Last weekend we took a trip to Antibes, a small town to the west of Nice. It is so picturesque, with pretty ramparts you can walk on and a small sandy beach, which is a novelty in this part of the Cote d’Azur. It also felt really clean as I could smell the salty air as I walked around, whereas Nice smells more like a city with cigarette smoke and car fumes (though occasionally you can smell a really perfumed scent like incense in the evening, I guess it’s a type of flower but whatever it is, it smells good), and a bit quieter, so all in all, a great place to get away to for the day before work started properly.

The mountains and the sea

The Socca cooking

I tried my first piece of Socca, which is a regional speciality. It’s like a pancake but made from chickpeas and is sold as street food. You eat it straight out of the oven/pan and with pepper, and it was delicious! Here you could see it cooking in the covered market in Antibes, which had all kinds of stores selling food from all over Provence, the Alps and the Cote d’Azur.

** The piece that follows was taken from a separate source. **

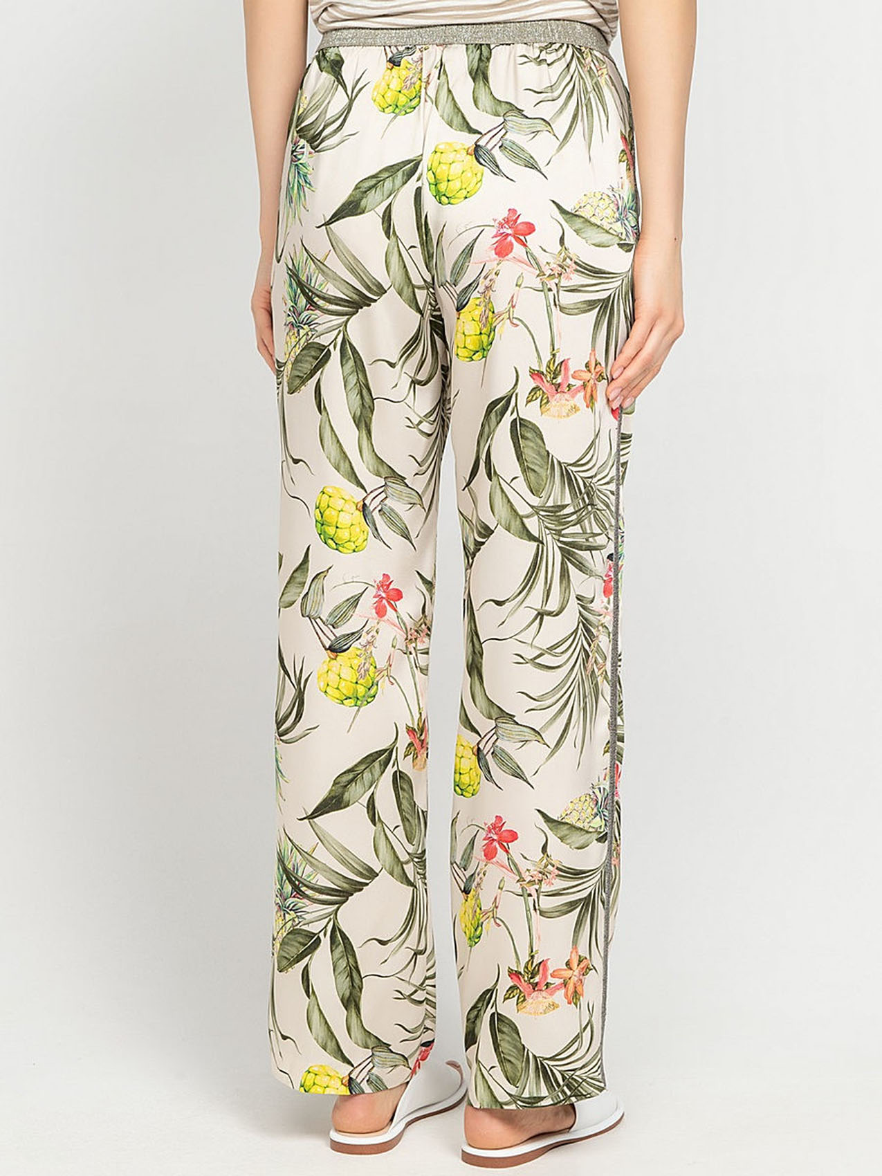 Широкие прямые брюки с трендовым тропическим принтом. Модный свободный силуэт. Эластичная лента на поясе. Без карманов. Декоративная лента по бокам. Приятный к телу материал из смеси хлопка и эластана.

Obligatory rustic shot of spice in a market

That’s only half the reasoning for the trip to Antibes. I had seen an advert for a chocolate festival, whose tagline went something along the lines of ‘Prepare to be AMAZED! Plus lots of tasters’ – which had us hooked. When we arrived, it was a bit smaller than all the advertising had suggested (it was one tent) but it was fun to watch people make flowers out of sugar. The free samples were sadly a bit thin on the ground but I did try an amazing brownie, and something which I don’t know the name of but it was like a spongy, mango flavoured Turkish delight.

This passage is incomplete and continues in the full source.